A watching brief — the use of surveillance devices in residential aged care facilities
Requests for the installation and use of surveillance devices in residential aged care facilities are becoming more common, due in no small part to the evidence heard at the Royal Commission into Aged Care Quality and Safety. The Commission has heard evidence of family members installing hidden surveillance devices which have confirmed family concerns of potential mistreatment and abuse. The Commissioners have been particularly critical of providers who, when responding to video evidence of mistreatment or abuse, have put undue focus on the legality of a family member’s actions in installing a hidden camera without permission to the detriment of rebuilding relationships and confidence with family members.
While there are a number of complex regulatory issues to be considered before installing and using surveillance devices in residential aged care facilities, careful consideration must also be given to community expectations about the use of surveillance devices. We have set out some of the important legal considerations below.
Who is collecting the information?
Where an aged care provider installs and uses surveillance devices it must comply with applicable privacy laws because surveillance involves collecting personal information. Unless the device is installed pursuant to a court order, the provider is required to obtain consent from a resident prior to installation and use of a surveillance device.
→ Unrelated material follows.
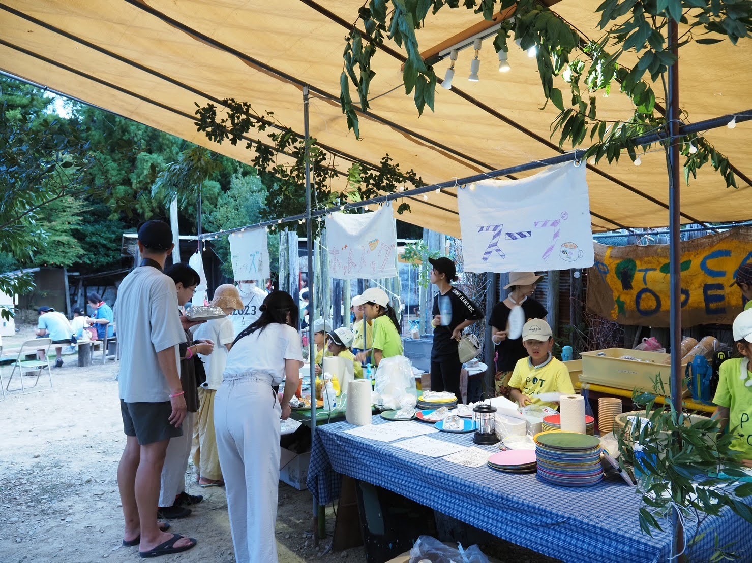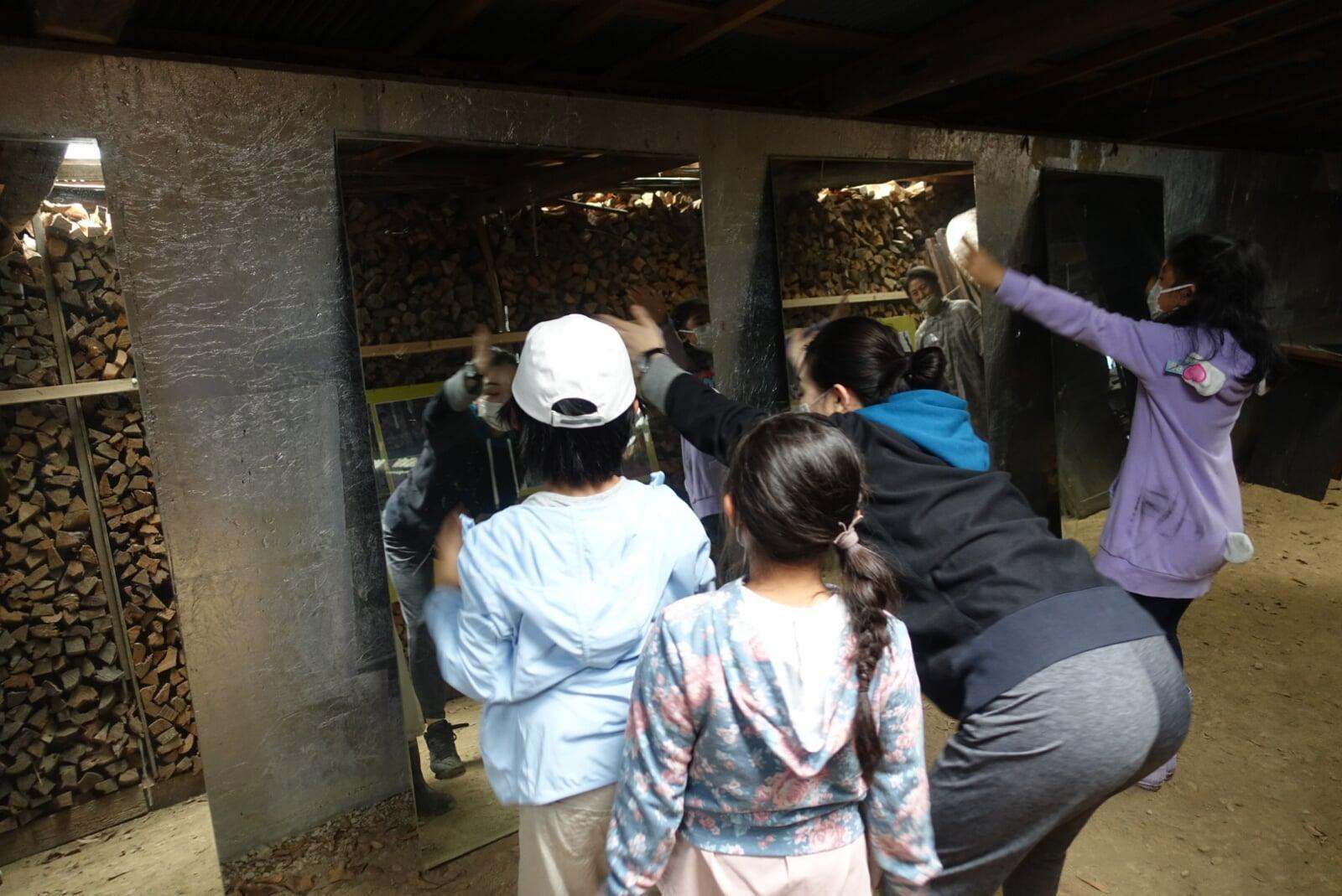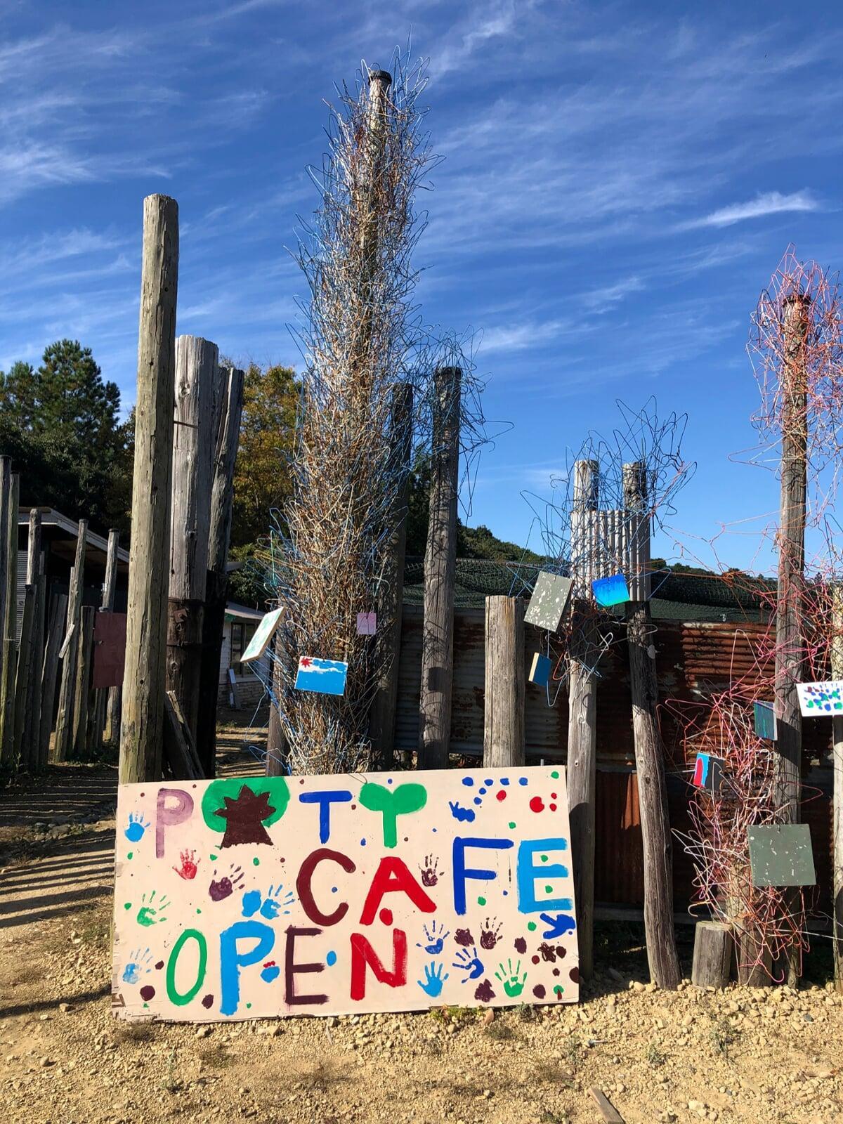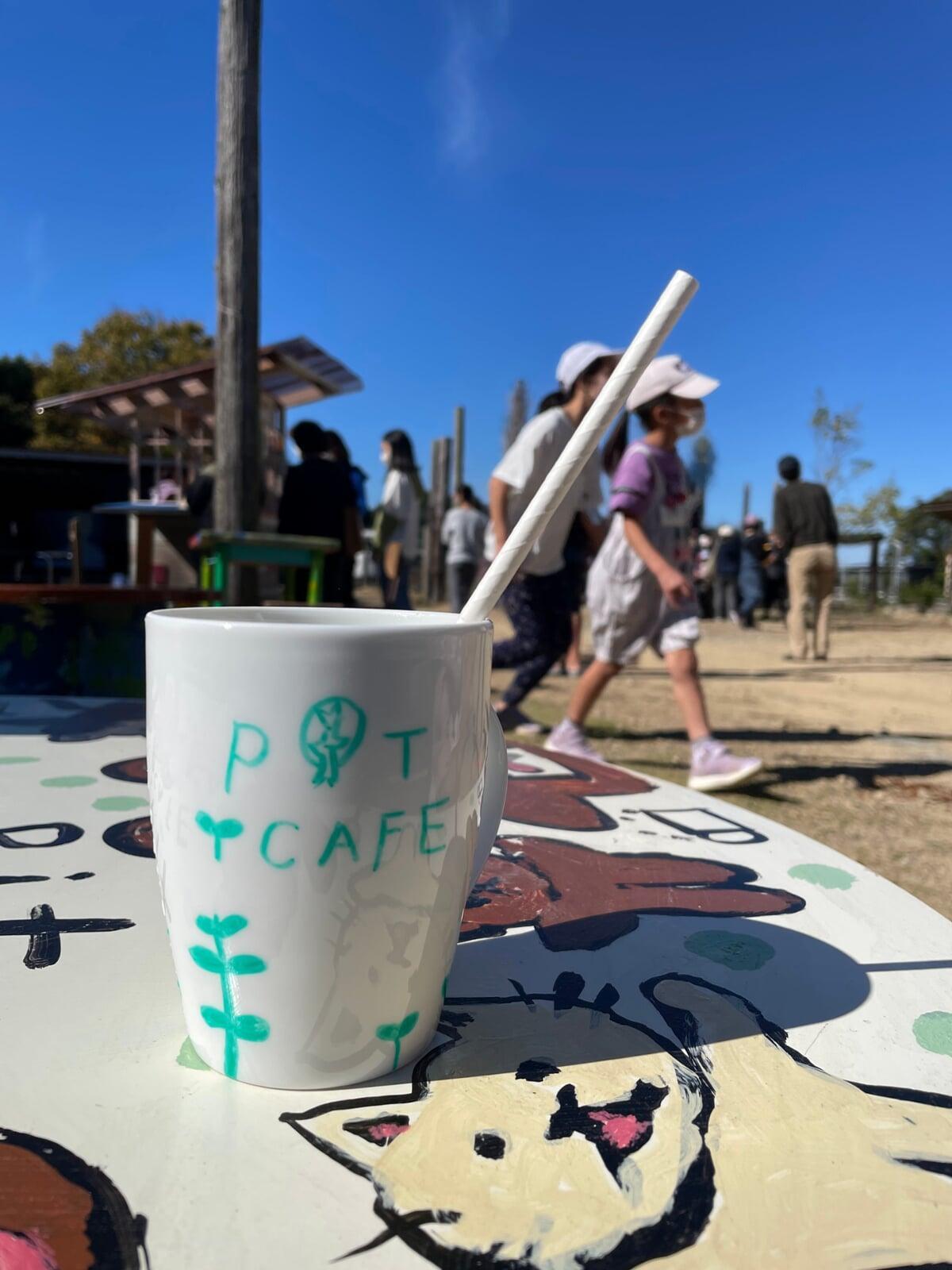 2022年、子どもたちの発案で前年に完成したPIT HOUSEでお店を開くことが決まりました。PIT HOUSEはまっさらな地面を掘るところから、すべて自分たちの手で作った建造物。お店をやるとしても、買ってきたものを売るのではなく、限りなく0から作りたいと思いました。そこで、PIT HOUSEの裏を畑にして、生姜を栽培しジンジャーエールのショップを開くことにしました。開墾、生姜の栽培、ロゴマークづくり、シロップやグッズづくりまで、子どもたちの手で一つ一つを準備し、カフェ当日には多くのお客さんをお出迎えしました。

Where a resident does not have capacity to consent, consideration should be given to whether the resident expressed a direction or preference when they did have capacity or whether the consent of an authorised substitute decision maker can be obtained. However, this issue is complicated. While persons appointed as authorised substitute decision makers (for example, an enduring guardian appointed in accordance with the Guardianship Act 1987 (NSW)) may have certain decision-making powers in relation to personal and health care decisions, it is untested as to whether these powers extend to decision-making about surveillance devices.
Where the provider is collecting surveillance footage, the provider will be responsible for ensuring storage, use and disclosure of the footage complies with applicable privacy laws.
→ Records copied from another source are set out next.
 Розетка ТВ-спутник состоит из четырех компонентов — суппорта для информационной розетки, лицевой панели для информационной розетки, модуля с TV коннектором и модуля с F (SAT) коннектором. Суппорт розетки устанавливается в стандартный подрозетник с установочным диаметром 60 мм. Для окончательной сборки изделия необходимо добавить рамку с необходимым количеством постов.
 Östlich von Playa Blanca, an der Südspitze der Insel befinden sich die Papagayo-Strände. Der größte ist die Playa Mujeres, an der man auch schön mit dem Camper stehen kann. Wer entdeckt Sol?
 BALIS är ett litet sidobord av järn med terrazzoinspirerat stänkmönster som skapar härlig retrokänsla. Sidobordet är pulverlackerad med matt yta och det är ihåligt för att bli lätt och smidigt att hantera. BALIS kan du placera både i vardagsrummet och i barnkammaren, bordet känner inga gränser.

Where a family member requests installation and use of their own device, careful consideration should be given to how the family member proposes to use and store any recordings. In this situation, it would be prudent for a provider to be clear about its expectations in relation to any footage from the outset. For example, setting clear expectations that the provider will be given access to surveillance footage in circumstances where, for example, a complaint is made against a staff member in respect of the resident. Providers should also consider communications to staff, other residents and their families where it is likely that third parties may be identifiable in any such recordings.
Have your employees been given notice of surveillance?
Under most state and territory workplace surveillance laws, employees must be provided with notice before any surveillance commences. For example, in NSW 14 days prior notice must be given. In addition, any cameras must be clearly visible and there must be signage at the entry to the room notifying people that they may be under surveillance. A failure to comply with specific legislative requirements may constitute an offence and may also mean that surveillance footage cannot be used to take adverse action against an employee.
What should you consider including in your resident-facing documentation?
It is important to consider your position on the issue and ensure you have a robust strategy in place to respond to requests to install surveillance devices.